Exception: These professionals do not require to keep and maintain books if their GROSS RECEIPTS (i.e. Turnover, not profit) in any of the last 3 preceding year (i.e. excluding the current year) does not exceed Rs. 1,50,000. In the case of new business, expected turnover of the current year shall be seen. [Note: Although they are not mandatorily required to keep and maintain the books still even when their Gross receipts are below Rs. 1,50,000 they shall have to maintain such books/records (e.g. Ledger and cash book) which will enable the AO to assess their total income.]

(ii) Other businesses and professions [excluding above in point (i)]: Every person carrying on business or any profession (other than given in (i) above) then s/he shall keep and maintain books of accounts if:

– Profit (not turnover) of such business exceeds Rs. 1,20,000; OR
– Gross Receipts (i.e. Turnover) of such business/profession exceeds Rs. 10,00,000/-.

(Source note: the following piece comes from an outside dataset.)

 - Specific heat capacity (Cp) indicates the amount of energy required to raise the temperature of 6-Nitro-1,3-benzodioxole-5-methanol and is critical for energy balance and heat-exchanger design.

in any one of the 3 preceding years. In the case of new business, expected profit/turnover shall be seen.

[Important Note- As Per FA, 2017, the limit of Rs. 1,20,000 and Rs. 10,00,000 has been increased to Rs. 2,50,000 and Rs. 25,00,000 respectively for Individual & HUF only.]

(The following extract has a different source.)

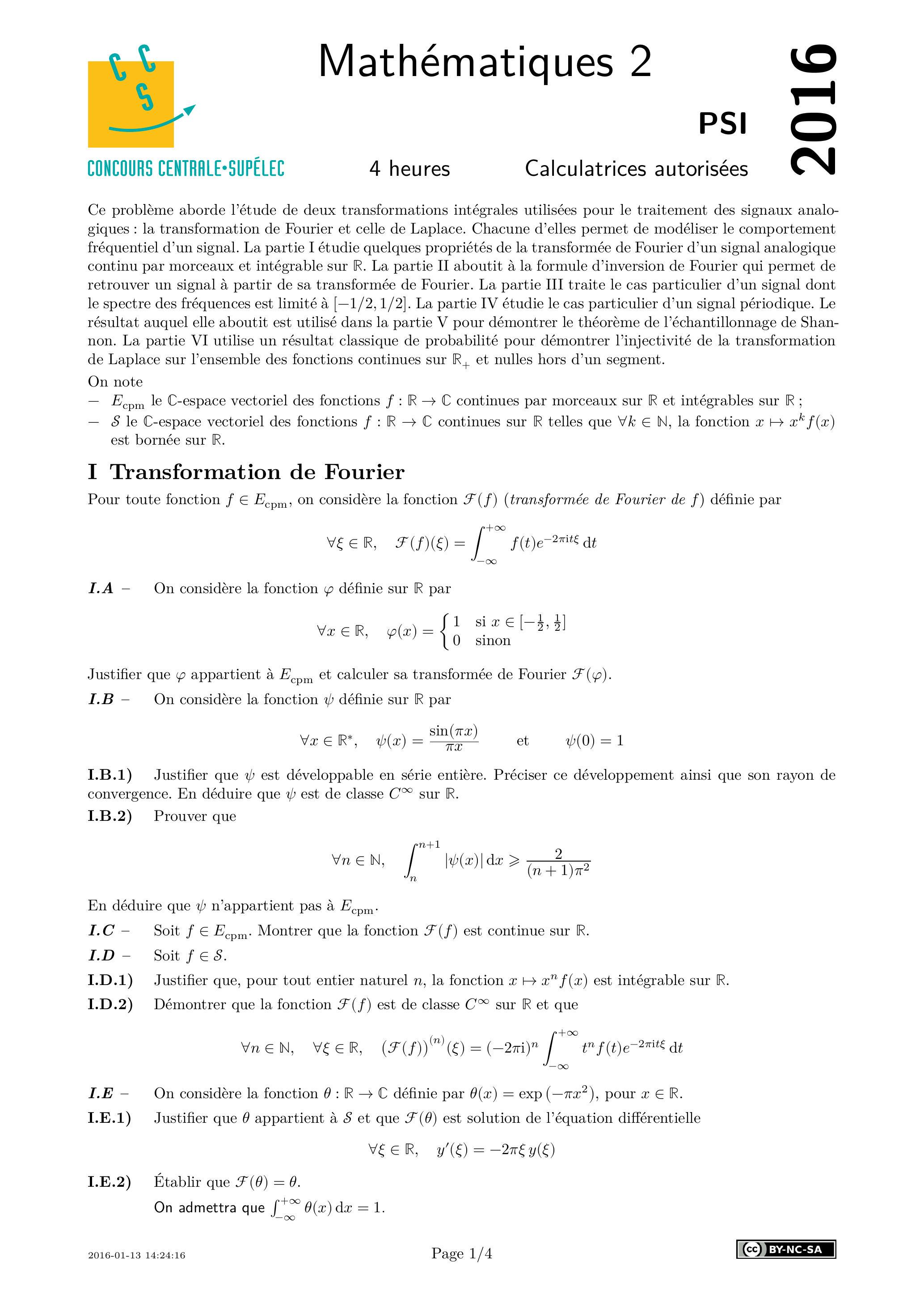 Centrale Mathématiques 2 PSI 2016 - Version Web LaTeX | WikiPrépa | WikiPrépa

4. When it is required to get books of a/cs audited u/s 44AB?

Every person carrying on:

– Business and his Gross receipts (i.e. turnover) exceeds Rs. 1 Crore in the previous year; OR
– Profession and his Gross Receipts exceed Rs. 50 Lakhs in the previous year.

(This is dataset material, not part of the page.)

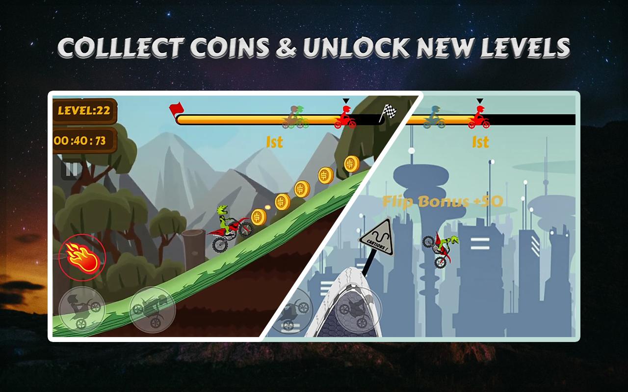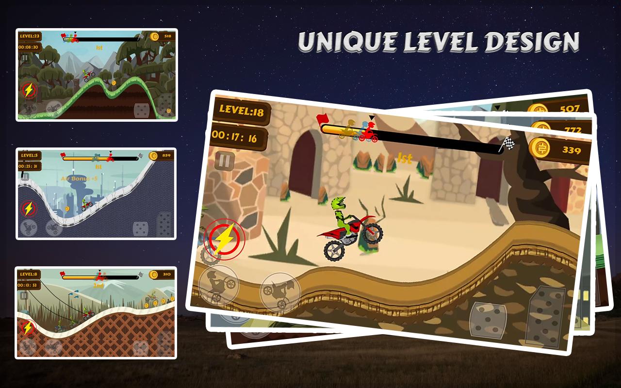不同的階段和水平會給您帶來不同的樂趣和激動人心的味道!請記住,您的自行車車輪上有出色的物理學。如果您不適當尊重物理學,這可能會使您崩潰。

Then such business/profession has to get its accounts audited u/s 44AB.

5. Special Cases for Books and Audit:

The above-mentioned situations are normal cases under which books are required to maintain and audit is required to be done. But, there are also specific cases under which maintaining books and getting account audited becomes mandatory. These are as follows:

(i) Assessee showing lower income than the specified minimum % under presumptive income sections: This means whenever assessee opt for any Presumptive taxation scheme under Section 44AD/44ADA/44AE/44BB/44BBB and assessee shows income below the minimum % specified under these sections then Assessee has to MAINTAIN BOOKS & GET THOSE BOOKS AUDITED AS WELL.

(ii) Special Audit under section 142(2A): When the Assessing officer has the doubt about the authenticity of the books of accounts or he believes that special checking is required due to volume of transaction, nature, and complexity of accounts, multiplicity of transaction then the AO may pass the order for the Special Audit u/s 142(2A). This audit may be ordered only when the case is pending with the AO.

6. Some Important Points:

If the books of accounts are not maintained as such then the AO may levy penalty u/s 271A which may extend up to Rs. 25,000/-.
Similarly, if the books of accounts are not audited u/s 44AB then there is a penalty u/s 271B which is 1/2% of Turnover subject to the maximum of Rs. 1,50,000/-.

Books should keep for a period of 6 years from the end of that year.